* **WHAT NEEDS TO BE DONE**:
Send back every line of the data exactly.

* **GIVEN INFORMATION**:
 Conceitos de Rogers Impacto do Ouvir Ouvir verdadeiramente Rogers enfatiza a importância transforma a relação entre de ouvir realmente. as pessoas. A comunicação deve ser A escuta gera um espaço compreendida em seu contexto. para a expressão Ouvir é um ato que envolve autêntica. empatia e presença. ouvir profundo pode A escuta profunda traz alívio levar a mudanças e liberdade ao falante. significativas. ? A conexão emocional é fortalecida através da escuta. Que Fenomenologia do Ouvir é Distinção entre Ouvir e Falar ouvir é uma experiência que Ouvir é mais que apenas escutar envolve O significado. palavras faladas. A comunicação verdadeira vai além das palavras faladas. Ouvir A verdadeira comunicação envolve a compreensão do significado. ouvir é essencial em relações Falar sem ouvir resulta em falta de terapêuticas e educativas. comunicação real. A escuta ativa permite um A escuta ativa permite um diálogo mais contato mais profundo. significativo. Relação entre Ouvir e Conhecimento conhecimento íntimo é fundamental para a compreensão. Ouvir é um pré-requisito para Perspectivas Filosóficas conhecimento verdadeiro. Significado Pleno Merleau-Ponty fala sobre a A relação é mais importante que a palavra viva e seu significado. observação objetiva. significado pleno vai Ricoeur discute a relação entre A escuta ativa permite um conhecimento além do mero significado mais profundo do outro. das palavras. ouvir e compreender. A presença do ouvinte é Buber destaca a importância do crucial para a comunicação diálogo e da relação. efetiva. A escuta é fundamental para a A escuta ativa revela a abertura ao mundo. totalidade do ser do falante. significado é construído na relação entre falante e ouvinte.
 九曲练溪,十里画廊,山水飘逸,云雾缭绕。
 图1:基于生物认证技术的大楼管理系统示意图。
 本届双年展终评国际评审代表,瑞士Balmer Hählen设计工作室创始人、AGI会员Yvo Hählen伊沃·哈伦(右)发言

* **RESULT OF THE EXERCISE**:
 Conceitos de Rogers Impacto do Ouvir Ouvir verdadeiramente Rogers enfatiza a importância transforma a relação entre de ouvir realmente. as pessoas. A comunicação deve ser A escuta gera um espaço compreendida em seu contexto. para a expressão Ouvir é um ato que envolve autêntica. empatia e presença. ouvir profundo pode A escuta profunda traz alívio levar a mudanças e liberdade ao falante. significativas. ? A conexão emocional é fortalecida através da escuta. Que Fenomenologia do Ouvir é Distinção entre Ouvir e Falar ouvir é uma experiência que Ouvir é mais que apenas escutar envolve O significado. palavras faladas. A comunicação verdadeira vai além das palavras faladas. Ouvir A verdadeira comunicação envolve a compreensão do significado. ouvir é essencial em relações Falar sem ouvir resulta em falta de terapêuticas e educativas. comunicação real. A escuta ativa permite um A escuta ativa permite um diálogo mais contato mais profundo. significativo. Relação entre Ouvir e Conhecimento conhecimento íntimo é fundamental para a compreensão. Ouvir é um pré-requisito para Perspectivas Filosóficas conhecimento verdadeiro. Significado Pleno Merleau-Ponty fala sobre a A relação é mais importante que a palavra viva e seu significado. observação objetiva. significado pleno vai Ricoeur discute a relação entre A escuta ativa permite um conhecimento além do mero significado mais profundo do outro. das palavras. ouvir e compreender. A presença do ouvinte é Buber destaca a importância do crucial para a comunicação diálogo e da relação. efetiva. A escuta é fundamental para a A escuta ativa revela a abertura ao mundo. totalidade do ser do falante. significado é construído na relação entre falante e ouvinte.
 九曲练溪,十里画廊,山水飘逸,云雾缭绕。
 图1:基于生物认证技术的大楼管理系统示意图。
 本届双年展终评国际评审代表,瑞士Balmer Hählen设计工作室创始人、AGI会员Yvo Hählen伊沃·哈伦(右)发言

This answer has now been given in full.